An interesting and unexpected case happened when we analyzed the biopsic samples of the peritoneum taken from a lady diagnosed as affected by a mesothelioma. We were particularly surprised when we detected particles made, among other elements, of thorium and uranium. After having questioned for hours the patient, we learned that she was a vegetarian and had a habit of eating several times a week wild radicchio picked up in an uninhabited valley in the hills a few dozen kilometers from her home. So, we visited that place and took some samples of leaves, finding them polluted by the same kind of particles. Not too far uphill, there were three small ceramic industries that used thorium and uranium to color their enamels. In conclusion, the lady had been convinced that she was eating the most healthy and uncontaminated of food and, eventually, died from it.

 

A few years ago, we were commissioned by a court to deal with the case of a heavy-oil power plant located in a regional park. According to the locals, the plant periodically emitted oil droplets that caused damage to the finish of their cars, their damp laundry, the vegetables used as their food, and, worst of all, their health. We analyzed a few hundred samples and we noticed that the drops of oil collected on several different matrices had in common a particle content consisting of chemical elements that we had detected in the unburned oil. So, the plant managers were found guilty. In the course of our research, we also analyzed the biopsy and autopsy specimens of about forty inhabitants of the place who suffered mainly but not always from forms of cancer. In most cases, the same particles were present in the diseased tissues.

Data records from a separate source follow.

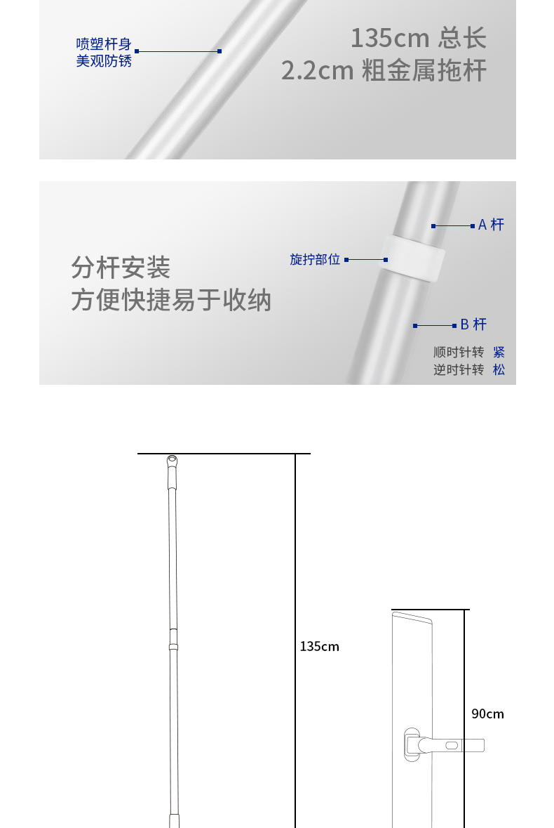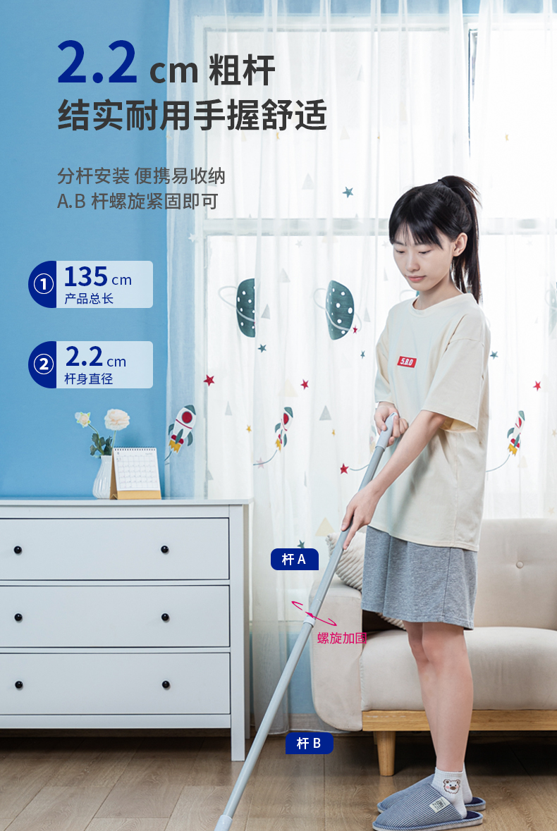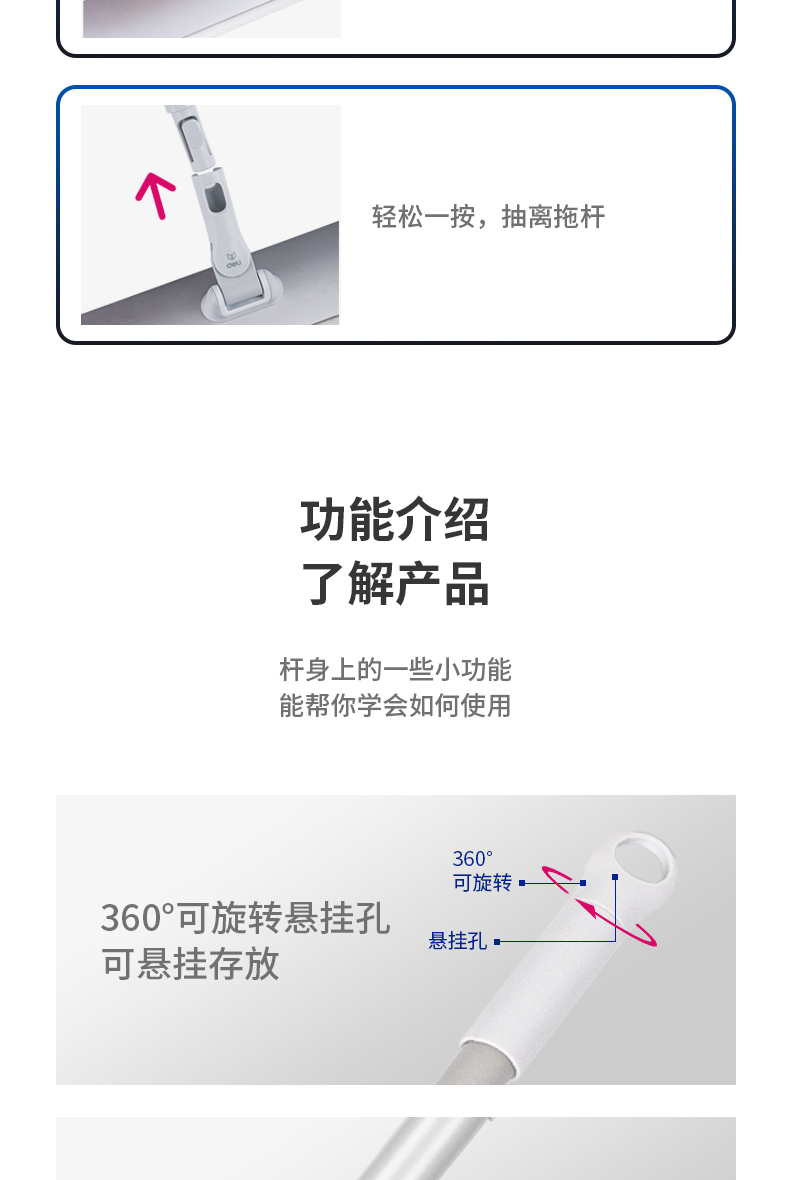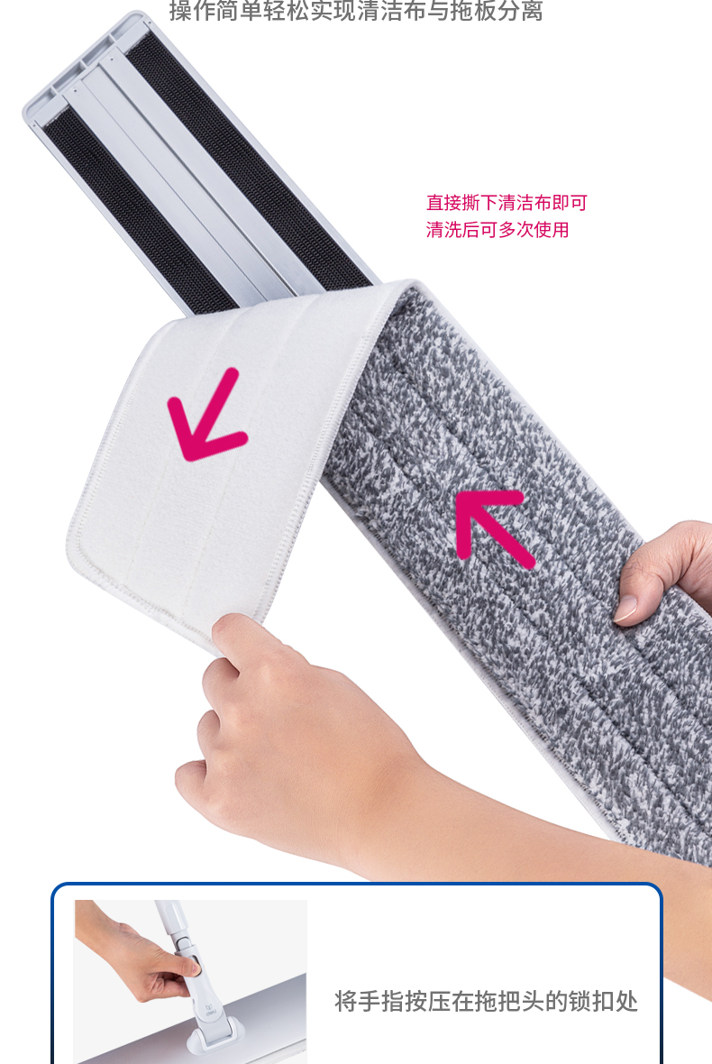 得力(deli)90cm平板拖把 高质感铝合金面板 魔术贴拖布设计易更换 拖布干湿两用快速吸水 2块拖布 19506 自营
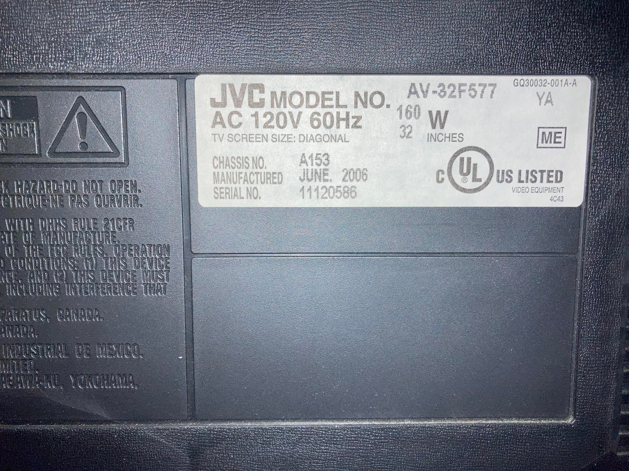 32" JVC flat CRT. Has a full set of inputs, including a digital tuner. Made in Mexico in 2006. Despite looking like an I'Art model, this set lacks the branding.
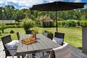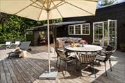 Sommerhuset har både åbne og overdækkede terrasser som gør at udelivet kan nydes store dele af året uanset vejret. Der er flere fine havemøbler, liggestole, parasol og loungmøbler, som kan nydes sammen med familien. Her kan I slappe af, læse en god bog eller lege på den store grønne plæne.
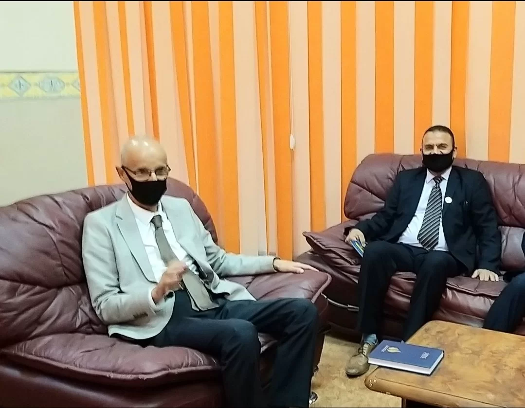 زيارة رئيس الجامعة للكلية بتاريخ 30-09-2021 واجتماعه برؤساء الأقسام للوقوف على الحالة الراهنة واحتياجات الأقسام العلمية والخدمية بها
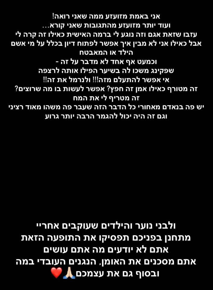 "אני באמת מזועזע ממה שאני רואה! ועוד יותר מזועזע מהתגובות שאני קורא. עזבו שזאת אגם וזה נוגע לי ברמה האישית כאילו זה קרה לי. אבל כאילו אני לא מבין איך אפשר לפתוח דיון בכלל על מי אשם, הילד או המאבטח וכעט אף אחד לא מדבר על זה שפקינג משכו לה בשיער והפילו אותה לרצפה, אי אפשר להתעלם מזה!".
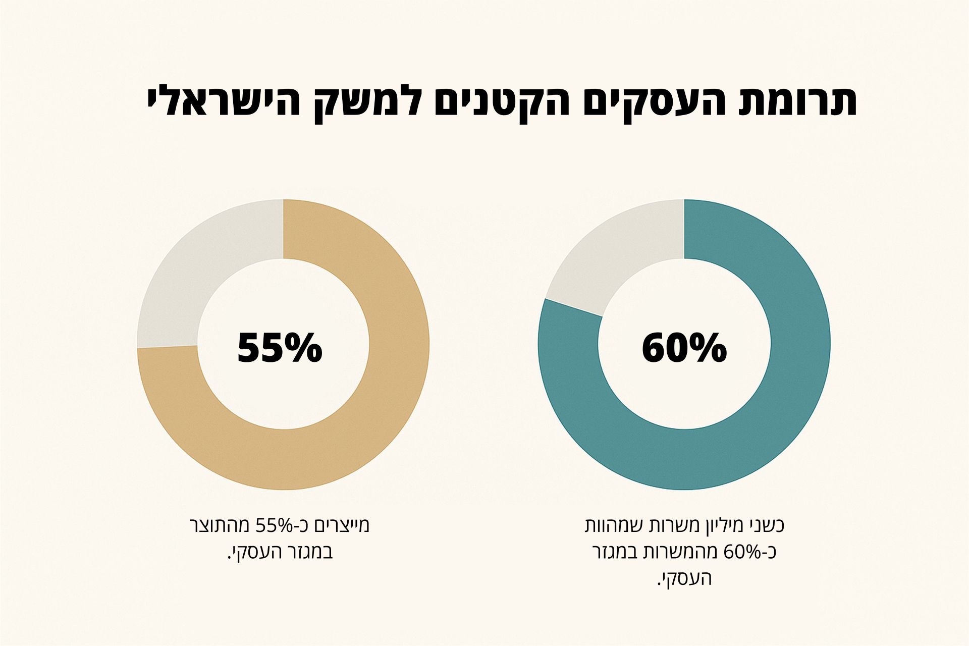 משרות, לרבות העסקה עצמית של עצמאים, שמהוות כ60%- מהמשרות במגזר העסקי. כמו כן הם מייצרים
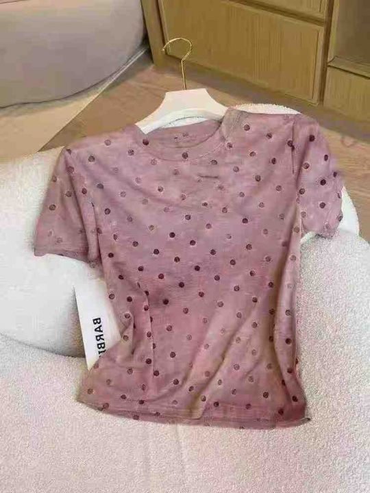 重工晕染波点圆领短袖T恤女夏季设计感显瘦遮肉气质上衣,整款2色,紫色为主,弹力超大,2到5码,3200件左右,4.9秒杀,分货加1
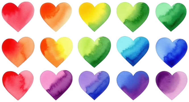 A vibrant collection of fifteen watercolor hearts, each displaying a unique gradient of color ranging from red, orange, yellow, green, and blue, rendered in a, isolated on transparent background.

Given the relatively coarse size of the oily drops, too large to be inhaled although often too small to be seen without the aid of a microscope, it is reasonable to think that most of the particles ended up in the inhabitants of the area because of their contaminated food.

 

All of the few cases of ulcerous recto-colitis we observed showed the presence of particles whose size was generally larger than the ones we usually find in other organs. That could reasonably be due to the fact that the digestive tract allows much larger particles to pass than pulmonary alveoli do when particles are inhaled. Those particles found in the gut could be responsible for preventing the tissue there from healing and recovering properly. Of course, we must consider as well the possibility that it is the altered tissue itself that somehow captures the particles.

 

In a region of Italy where a famous wine is produced, we analyzed a few samples of the grapes grown there, finding them polluted by particles coming from a huge cement factory located very close to the vineyards. Like many similar industrial plants that also burn used tires and petroleum coke (i.e., the final, solid material deriving from oil refining), carbon-rich substances also containing several other substances, condense in the form of solid particles. It is obvious that the wine obtained from those grapes would be contaminated; but, unfortunately, there are no controls over these pollutants and contaminants.

 

It may be interesting to report that we had a chance to analyze some samples of cow brains affected by spongiform encephalopathy and all of them contained small steel particles. In our opinion, those particles came from polluted feed, particularly oil added to fodder, and were responsible for the peculiar, scarcely controlled movements and attitude of those poor animals.

 

These Health Risks Must Be Eliminated

 

After years of analyses on many hundred cases of polluted food and its consequences, our final conclusion is that solid and inorganic particles that have become increasingly present, not only in the environment but also in what should be our nourishment, should be the subject of much greater attention by the regulatory authorities and doctors.  Above all, these contaminants must be removed from what we eat if only for the obvious reason of reducing health risks as much as possible.

 

 

Endnote

 

  1. Gatti AM, Tossini D, Gambarelli A, Montanari S, & Capitani F, “Investigation of the Presence of Inorganic Micro- and Nanosized Contaminants in Bread and Biscuits by Environmental Scanning Electron Microscopy,” Critical Reviews in Food and Nutrition, BFSN #306600, Vol. 49, p.1-8 (2008).